Quando a Patologia é a Identidade

 

Por: Estêvão Azarias Chavisso

Talvez o século em que vivemos seja um dos mais distintos no que respeita ao modelo das nossas relações humanas. Talvez a chamada época pós-moderna tenha sido o momento áureo no âmbito do grande projecto da “aldeia global” e, consequentemente, a diversidade, alicerçada pela aparente democratização da esfera pública a partir das tecnologias, tenha sido afirmada como uma das mais sublimes características da nossa “jovem” espécie.

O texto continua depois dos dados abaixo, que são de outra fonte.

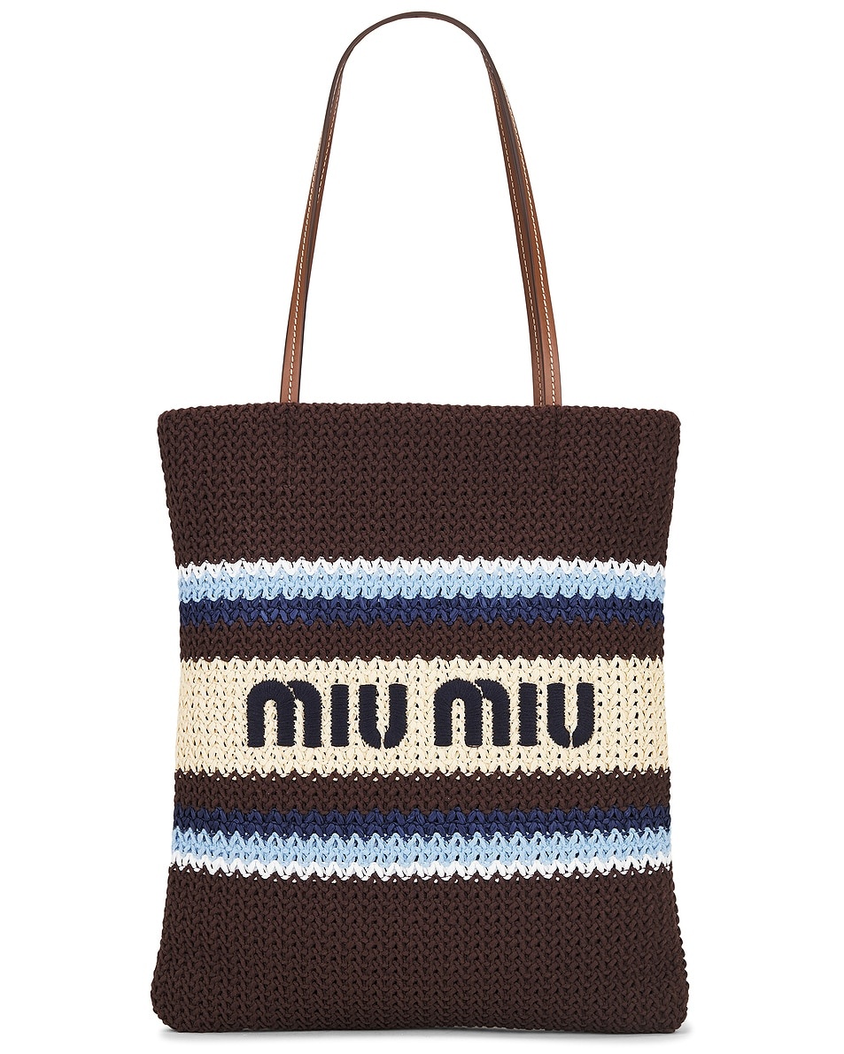 Details - Unlined raffia-effect cotton bag - Made in Italy - Open top styling - One main compartment - Interior zipper pocket - Leather shoulder straps - Embroidered logo front - This item is not available for international export. This item is not available to ship to Australia - Our Style No. MIUF-WY165 - Manufacturer Style No. 5BG248

Ora, a consequência lógica da diversidade, surpreendentemente, é a subjectivação. Para que pensemos num “Todo” é necessário que haja, primeiro, um “Particular”. Este resultado lógico leva-nos a questão: O que seria a subjectivação? Por subjectivação, esclareço, entendo toda a afirmação das características peculiares do “Eu” com o intuito de distingui-lo no meio do “Todo”.

Neste contexto, a subjectivação seria a nossa tendência natural de, mesmo afirmando as “vitórias” da diversidade no mundo actual, partirmos de um pressuposto individual e, de certo modo, etnocêntrico, que tem no “Eu” o ponto de referência para a afirmação do Outro.

Em outros termos, a subjectivação seria a imposição daquilo que nós chamamos de “nossa Identidade”, como forma de particularizarmos a nossa existência num universo tão plural, tomando-nos a nós mesmos como eixo de análise.

O problema começa exactamente neste ponto, na medida em que, para a nossa infelicidade, a Identidade (nacional, cultural ou religiosa) é um elemento exterior ao sujeito. Em outros termos, ela é apenas uma mera construção social e que pode variar em função da nossa disposição geográfica.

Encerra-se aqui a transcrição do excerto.